# Current USA LED Satellite+ Reviews?



## DevinHebert (Aug 2, 2013)

Hello guys. I am looking into new lighting. JL sells them and they seem to have a nice spectrum. I'm looking for reviews before I buy.

The tank they would go on is a 29g 36"
Heavily planted.
Co2
E.I method fertilizing
Weekly water changes of 50%+


----------



## The Guy (Nov 26, 2010)

I have 2 of them and like them a lot, the remote gives lots of options as to color intensity. I plan on using them on my Osaka 45 gallon tank.


----------



## architeuthis (Apr 22, 2010)

I really liked mine when I had it over my Spec V.


----------



## DevinHebert (Aug 2, 2013)

Bought the Pro model from JL. Frickin LOVE it!!


----------



## The Guy (Nov 26, 2010)

DevinHebert said:


> Bought the Pro model from JL. Frickin LOVE it!!


 nice  those are great!


----------



## rhennessey (Jul 25, 2014)

I have both and the pro is much better overall.


----------



## Reckon (Jul 25, 2012)

How about some reviews? Between the regular, the pro, and if anyone has the experience of comparing to the Finnex?


----------



## The Guy (Nov 26, 2010)

The Guy said:


> I have 2 of them and like them a lot, the remote gives lots of options as to color intensity. I plan on using them on my Osaka 45 gallon tank.
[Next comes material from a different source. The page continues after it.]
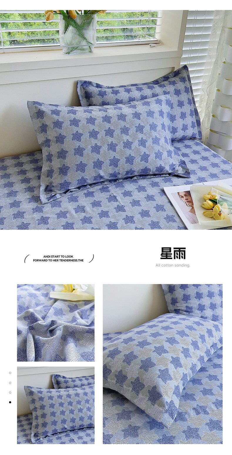 商品名称:优品阁 2024新款全棉磨毛四件套单品系列-单枕套 星雨
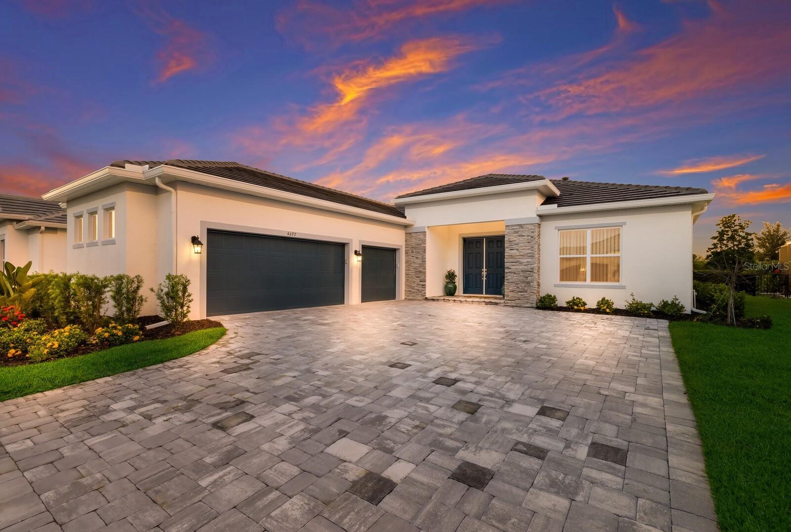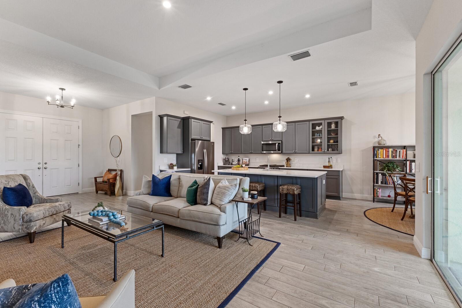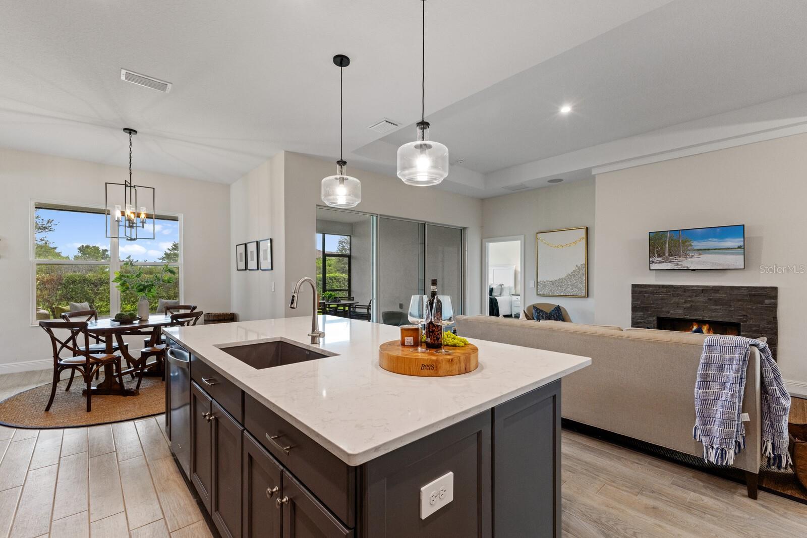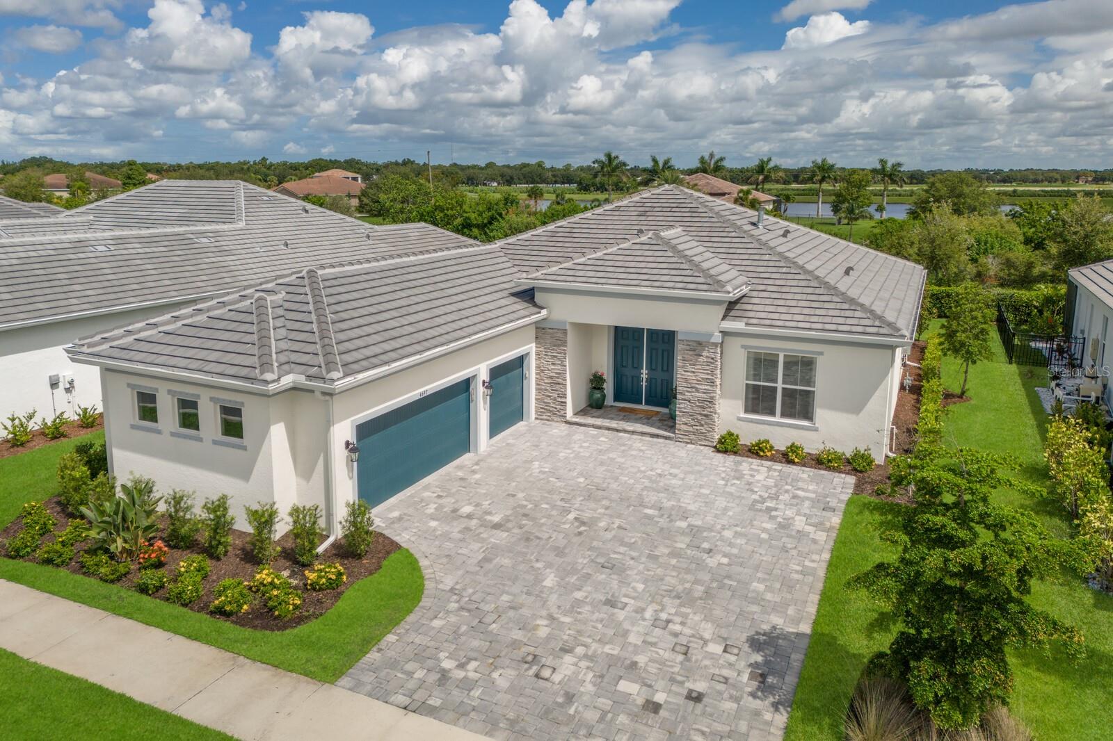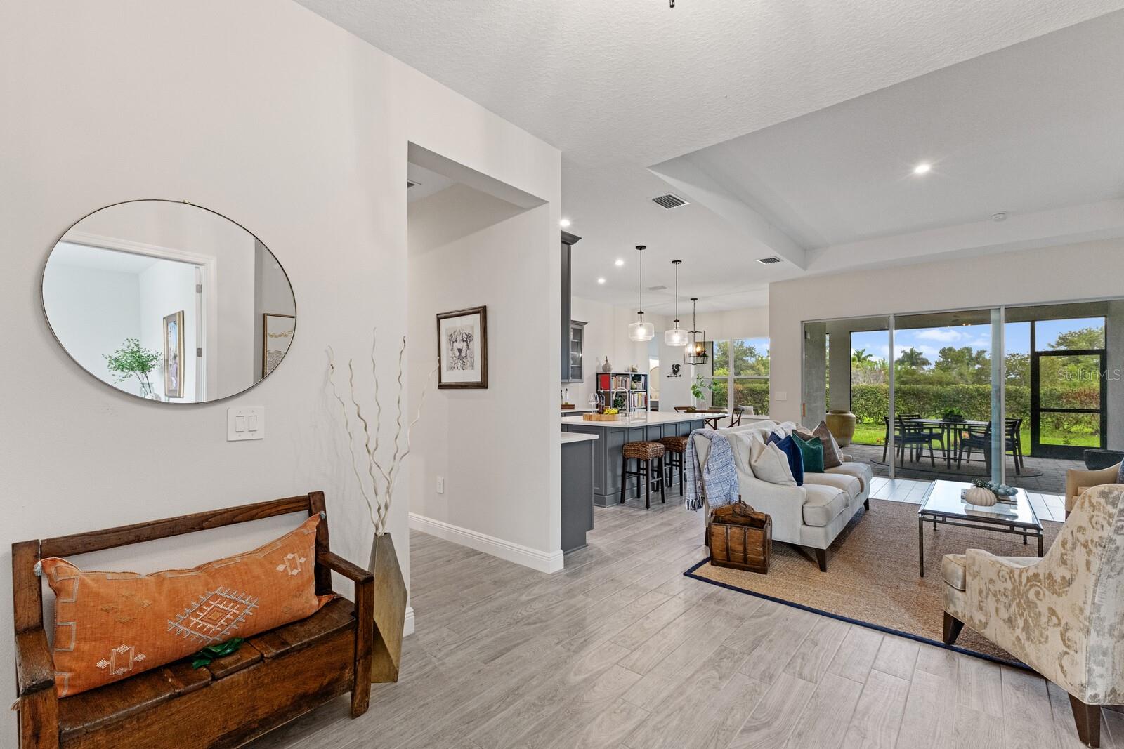 Situated on private setting, this Asher great room plan residence is nestled in Worthington, one of Sarasota’s newer gated communities offering an intimate neighborhood setting with maintenance-free living. This one-story 2,300 square foot open living concept plan boasts serene surroundings, optimal curb appeal, volume tray ceilings, and stunning plank tile flooring throughout. This three bedroom plus den and a bonus room plan is ideal for entertaining and every day living at every turn flowing seamlessly between the great room with gas fireplace, dining area and kitchen. Chefs will delight in the upgraded cabinetry and quartz counters, counter height island bar, stainless steel appliances, oversized walk-in pantry, and perfectly sized dining area engulfed by the surrounding private views beyond. Seamlessly connected to the outdoors, glass sliders reveal a serene outdoor living space with ample under cover screened entertainment areas, plus plenty of space to add a pool, spa, and outdoor kitchen. Relax and unwind in the elegant owner’s retreat positioned on a private wing, offering two walk-in closets, tray ceiling, and an appointed bath boasting separate vanities with quartz counters, large shower, and separate water closet. Overnight visitors will be right at home on their own separate wing with two generous guest suites centered by the home’s second full bath. Behind double doors off the great room, this inviting residence offers a dedicated separate study/den as well as a bonus room just off the third full bath. This inviting gem evokes a coastal elegance with a plethora of additional highlights including an oversized laundry room with utility sink, central vacuum, tankless water heater, hurricane shutters, pavered driveway, barrel tile roof, and a courtyard entry three car garage. Worthington is positioned in East Sarasota, minutes from downtown Sarasota, UTC Mall, Waterside Place, and Lakewood Ranch.

So after some checking and reading about using these on my Osaka I'm finding the par value would not quite be good enough for the height of this tank which is 25". There fine on tanks up to 21" tall so I'm now going with a Kessil a160we tuna sun on the Osaka tank so I can grow carpet plants.


----------



## Reckon (Jul 25, 2012)

The Guy said:


> So after some checking and reading about using these on my Osaka I'm finding the par value would not quite be good enough for the height of this tank which is 25". There fine on tanks up to 21" tall so I'm now going with a Kessil a160we tuna sun on the Osaka tank so I can grow carpet plants.


Yup. If you have a tank deeper than 18"-20" deep you need to look for a fixture that puts out a lot of power or something that uses optics for example the Kessil


----------